In her drawings and installations, Marisa Rappard (1979) investigates intuitively what it means to be human in our current, fluid world, in which technology intervenes lives, contact is ephemeral and overwhelming amounts of information flow past daily.
Rappard is interested in how man places it’s hope in technology and confers it almost religious or transcendent characteristics, while at the same time this technology clearly has a most alarming downside.
The figures in her drawings wander lonely through dense abstract structures and anonymous rooms, resembling a hall of mirrors. Iterations of reflections, silhouettes and shadow figures make it difficult to distinguish which is the true self.

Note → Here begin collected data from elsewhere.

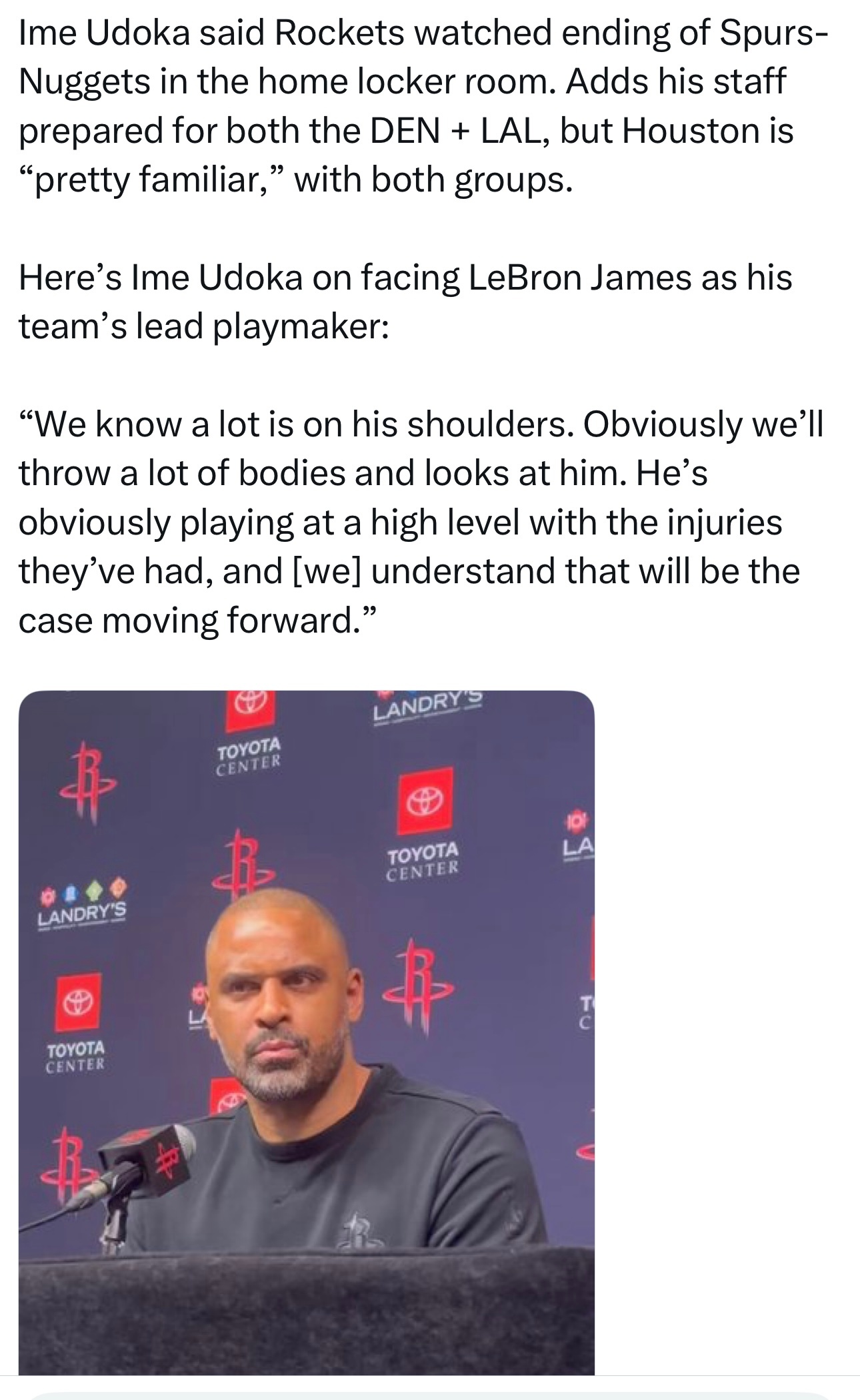 在谈到对阵詹姆斯时,乌度卡说:“我们很清楚,湖人的重担都压在他的肩上。显然,我们会用多人轮换、多种防守策略去针对他。在球队饱受伤病困扰的情况下,他依然打出了极高的竞技水平,我们也清楚,这种情况在接下来的系列赛中会持续存在。”
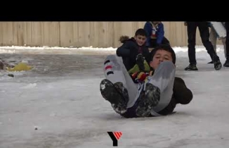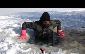 Yüksekova’da buz tutan derede kazma ve kürekli ’Eskimo usulü’ balık avı
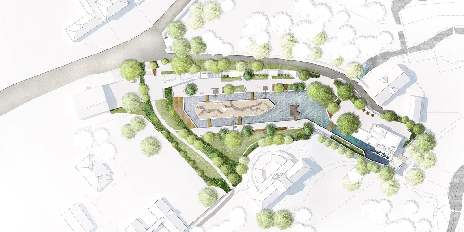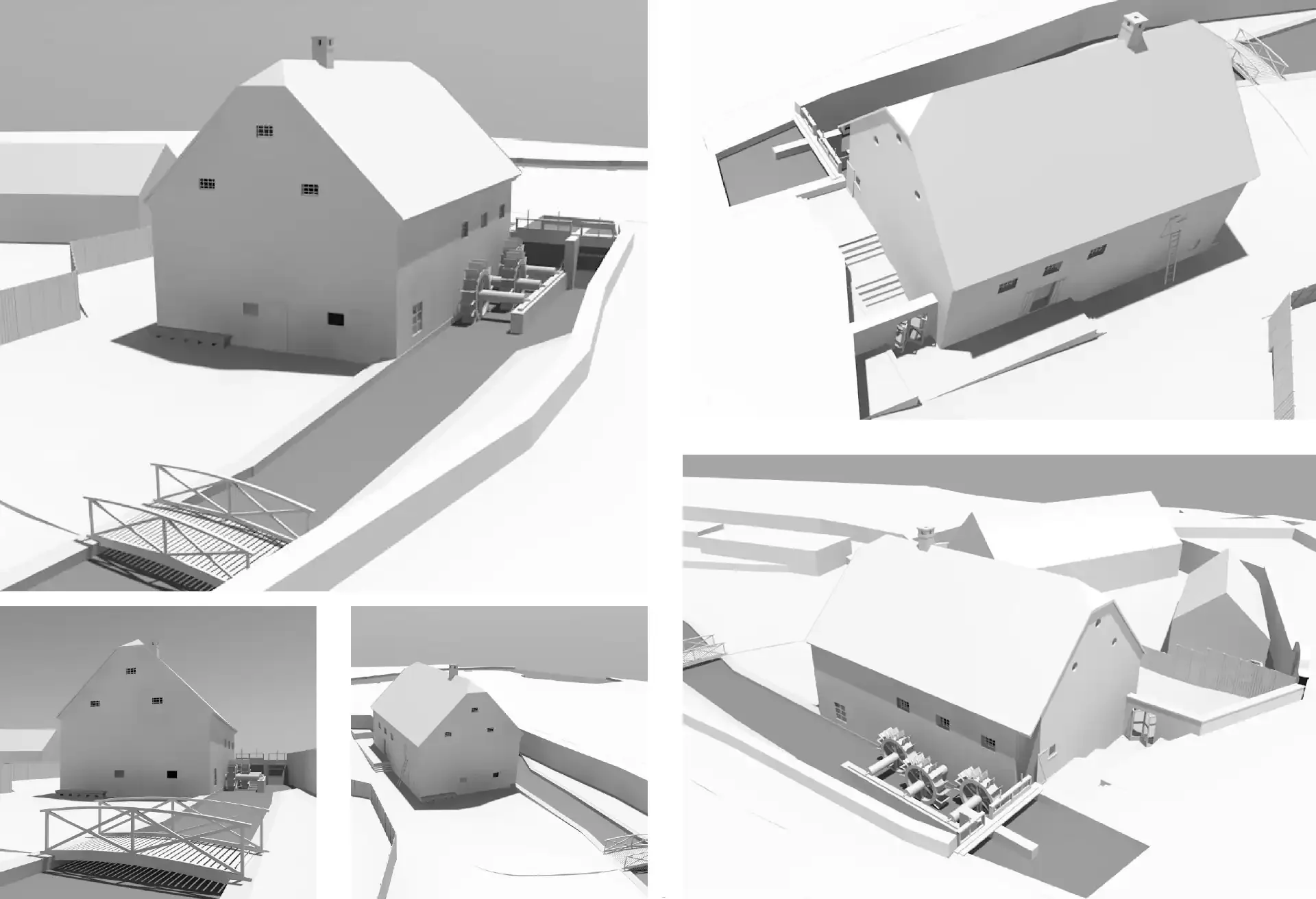 A tervezési program értelmében a műemléki védettségű tatai Angolkertben, a Malom-árok első malmának környezetében egy körbekerített, belépőjeggyel látogatható, zárt bemutatóterület kialakítása vált szükségessé. A tervezett fejlesztés célja a város egykori malmainak, illetve a malomiparhoz kapcsolódó vízhasznosítási és gépészeti megoldások bemutatása, interaktív, elsősorban gyermekközönséget megszólító módon. Az Angolkert városszövettel való kapcsolatának erősítése érdekében az Erzsébet királyné tere felől gyalogos átközlekedési lehetőséget biztosítunk a Pálmaház irányába. Az átkötő útvonal mentén babakocsival is járható, akadálymentes sétány létesül. A sétány kiszélesedésével egy kisebb térbővület jön létre, amely a zárt bemutatóterület bejárata előtti gyülekező- és fogadótérként funkcionál.

People are surrounded by colourful streams of lines, from which they emerge and in which they are absorbed. It is ambiguous whether man finds redemption in these abstract floods of comforting colours or rather disintegrates within them.
Rappard continously navigates between abstraction and figuration. Mixing the recognisable with the inrecognisable she expresses how hard it is nowadays to get grip on things and distinguish what is true. She switches abruptly between confusing perspectives. This play with perspective may even continue beyond the drawing on paper: her lines also enter the room in wall-filling works, spatial drawings and installations. Thus, as a viewer, you are immersed and become part of the work, experiencing the impossibility to absorb all information at the same time, the fluidity of different perspectives, connections that shift upon changing your position.

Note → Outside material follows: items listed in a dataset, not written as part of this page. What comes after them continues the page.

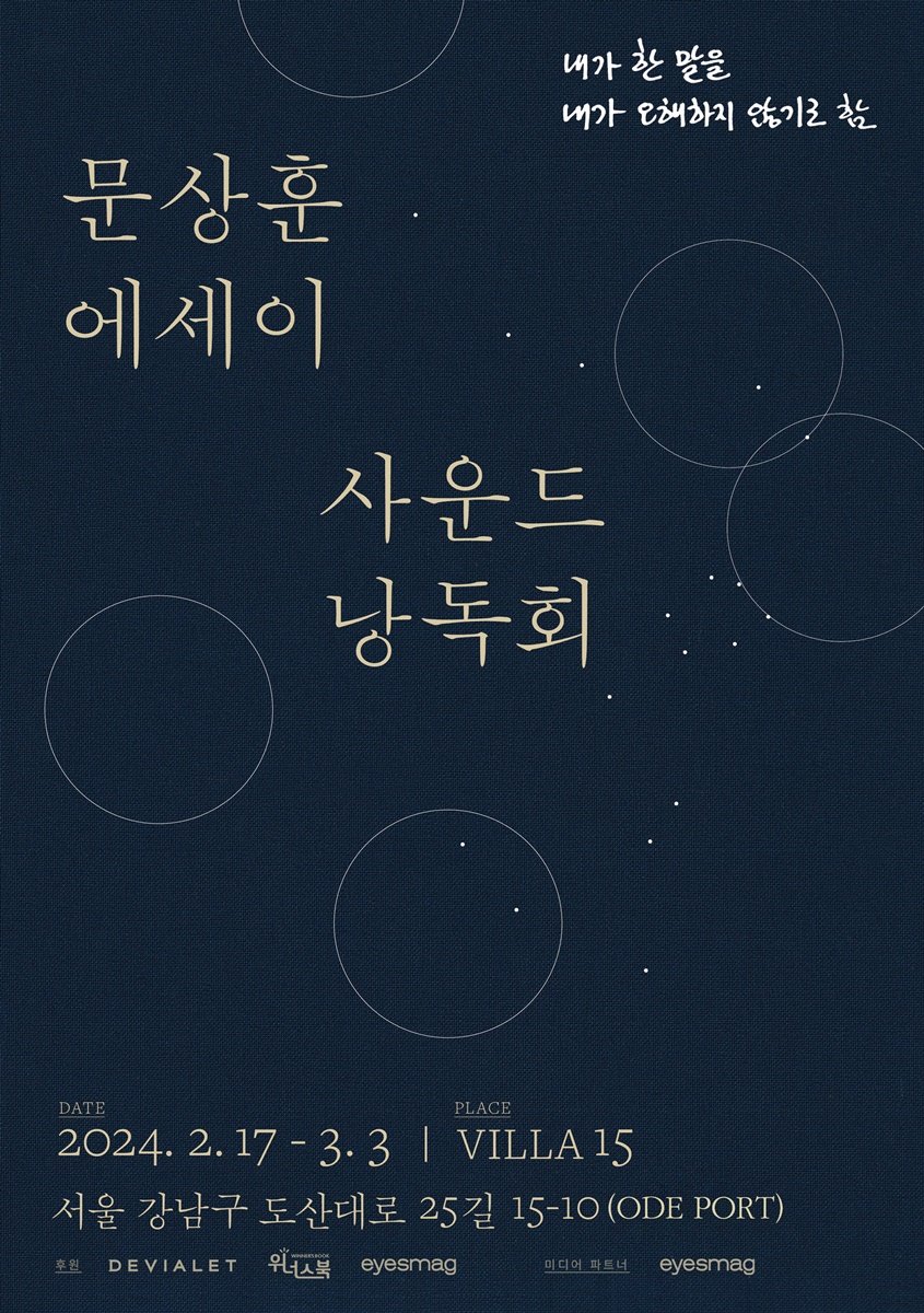 한편, 해당 사운드 낭독회는 2월 17일을 시작으로 3월 3일(2월 23일, 3월 1일 저녁 7시 문상훈 저자와 북토크 진행 / 매주 월요일 휴무)까지 @빌라15(오드 포트) 공간에서 진행된다. 멜론 티켓을 통해 단독 판매되며 낭독회 수익금은 전액 취약 아동 지원금으로 기부된다.
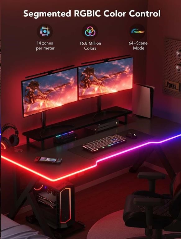 Světelný pásek Govee Neon Gaming Table Light nabízí více než 64 různých režimů pro dokonalé naladění světelné atmosféry. Govee technologie RGBIC umí zobrazit až 57 barev najednou z celkové škály 16 milionů barev při intenzitě 1-100%. Může se také pochlubit životností až 50.000 hodin.
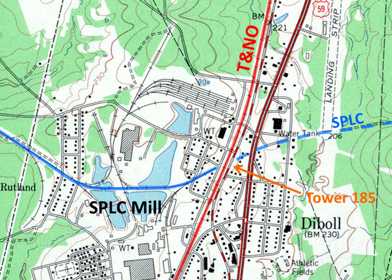 Diboll. At right, the former SPLC spur that crossed the T&NO at Tower 185
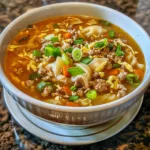 A 30-minute pork-free egg roll soup that layers brothy depth, savory egg rolls, and tender vegetables in one pot. Perfect for umami lovers.

Marisa Rappard’s work is well represented in Centraal Museum’s drawing collection, as well as in the UMC collection, NOG/Stedelijk Museum Schiedam, Boijmans van Beuningen museum and many private collections. Rappard is represented by Cokkie Snoei in Rotterdam.

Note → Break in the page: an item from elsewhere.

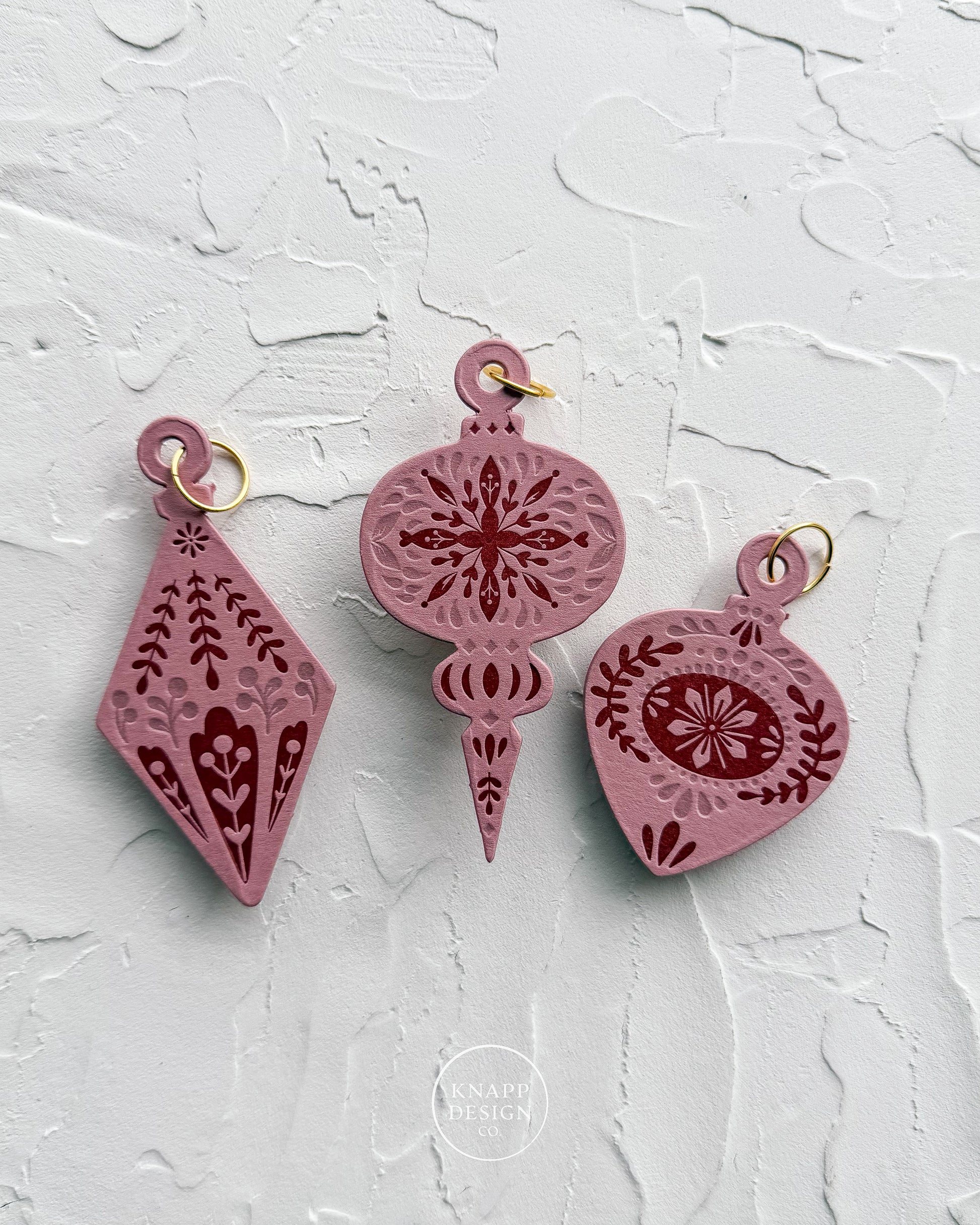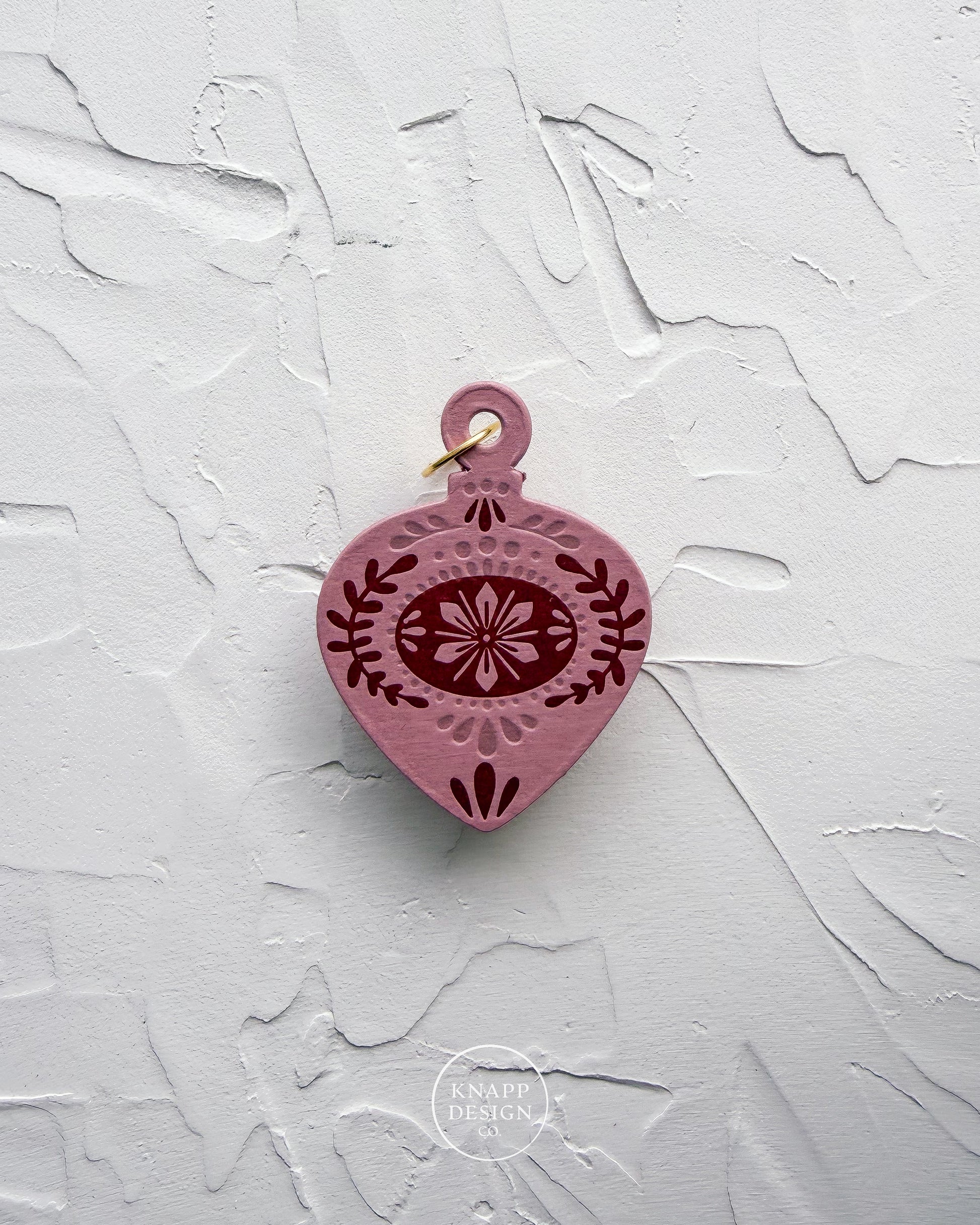 A nod to classic Scandinavian ornament design, this ornament features intricate letterpress impressions on thick lavender paper. Each ornament is pressed on both sides, in two colors, creating depth and texture, reminiscent of the charm of vintage glass ornaments.

‘Marisa Rappard’s work takes in an exceptional place within contemporary drawing – not only because of her authentic handwriting and her preference for the use of colour. Another captivating aspect of her work is that creating an image on a modest piece of paper does not suffice to her. Using paper and thin wooden sticks she is able to create installations raising the question as to what is a drawing. Her lines keep pulling me in, making me ’hop’ from the installations to the large drawings and zooming in on the small works. With relatively simple means she creates a world that keeps surprising me. Drawing coloured lines that keep continuing she shakes off every convention and submits herself completely to her work, work that questions her, work that escalates and literally enters the room, work that keeps astounding me.’
excerpts from Arno Kramer, ‘A search’ Mr. Motley magazine 2016
‘Inconceivably, Marisa Rappard has managed to combine large amounts of drawings in all sorts of sizes into a structured chaos: a chaos inviting you to come closer and lose yourself further ever more, since between all of those lines occasionally a fragment of a story appears – and another one, and anonther one.’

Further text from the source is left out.